Lawrence Roland Prittipaul (born 19 October 1979) is an English former cricketer who played county cricket for Hampshire County Cricket Club between 1999 and 2005.

==Life and cricket career==
Prittipaul was born at Portsmouth in October 1979 to Indo-Guyanese parents. His cousin is the former West Indian batsman Shivnarine Chanderpaul. He was educated in Portsmouth at St John's College. Prittipaul first played representative cricket for the Hampshire Cricket Board (HCB) (Note: The Hampshire Cricket Board (HCB), formed in 1996, is the governing body for recreational cricket in the county of Hampshire. It entered a largely amateur team in the minor counties one-day Knockout Trophy between 1998 and 2002, and took part alongside the first-class and minor counties, and other cricket boards, in the List A domestic one-day competition between 1999 and 2003. The HCB is a separate entity to Hampshire County Cricket Club, which was formed in 1863, and is the professional representative team for the county of Hampshire.) in the MCCA Knockout Trophy in 1998 and 1999, with his List A one-day debut coming for the HCB against Suffolk at Bury St Edmunds in the 1999 NatWest Trophy. Later in the 1999 season, Prittipaul made his senior debut for Hampshire against Worcestershire in the CGU National League. The following season, made his debut in first-class cricket for Hampshire against Kent at Canterbury in the County Championship, with him top-scoring in Hampshire's first innings with 52. Two games later he recorded what would be his only first-class century, making 152 against Derbyshire, which was the last first-class century to be scored at the County Ground prior to its closure at the end of the 2000 season. He also scored the last one-day half century at the ground against Nottinghamshire, in what was Hampshire's final match at the ground.

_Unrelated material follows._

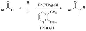 Аналогичная реакция существует также для алкинов. С помощью той же каталитической системы удаётся эффективно синтезировать разветвлённые α,β-ненасыщенные кетоны из ароматических альдегидов и алкинов[1].
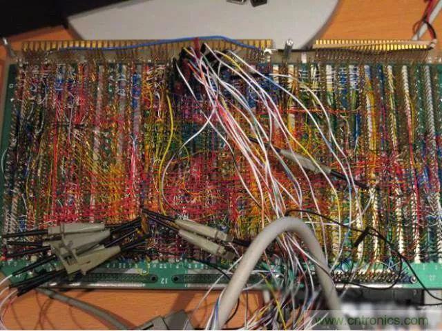 對(duì)于元器件在萬(wàn)能板上的布局,大多數(shù)人習(xí)慣“順藤摸瓜”,就是以芯片等關(guān)鍵器件為中心,其他元器件見(jiàn)縫插針的方法。這種方法是邊焊接邊規(guī)劃,無(wú)序中體現(xiàn)著有序,效率較高。但由于初學(xué)者缺乏經(jīng)驗(yàn),搭出來(lái)的板是這樣的……

He scored the first century at the Rose Bowl in a Second Eleven match against Glamorgan in June 2000, though the match carried no status. Like his teammates, Prittipaul struggled to adjust to the new pitches at the Rose Bowl in their early years. As his first-class opportunities became less, Prittipaul was predominantly used by Hampshire in one-day cricket. He made his Twenty20 debut at the Rose Bowl against Essex in the 2003 Twenty20 Cup. By 2005, he was considered a bit part player in the Hampshire team. Nonetheless, he formed an important match-winning partnership with Nic Pothas in a 2005 Twenty20 Cup fixture against Kent, scoring 35 runs off 24 balls in a partnership worth 72 runs for the fifth wicket. He retired from the professional game in 2005, having made 23 first-class, 62 List A, and 13 Twenty20 appearances. In first-class cricket, he scored 975 runs at an average of 28.67, In his 62 one-day matches, 59 of which came for Hampshire, he scored 564 runs with one half century. His 13 Twenty20 matches saw him score 84 runs. Prittipaul had limited returns with his medium pace bowling across all formats.

Following his retirement, he played club cricket for various teams in the Southern Premier Cricket League, and later co-founded Cage Cricket, which was launched in 2011 with the support of Ian Botham. It was exhibited to the Royal Dutch Cricket Association (KNCB) in 2012, who launched the concept in Nijmegen.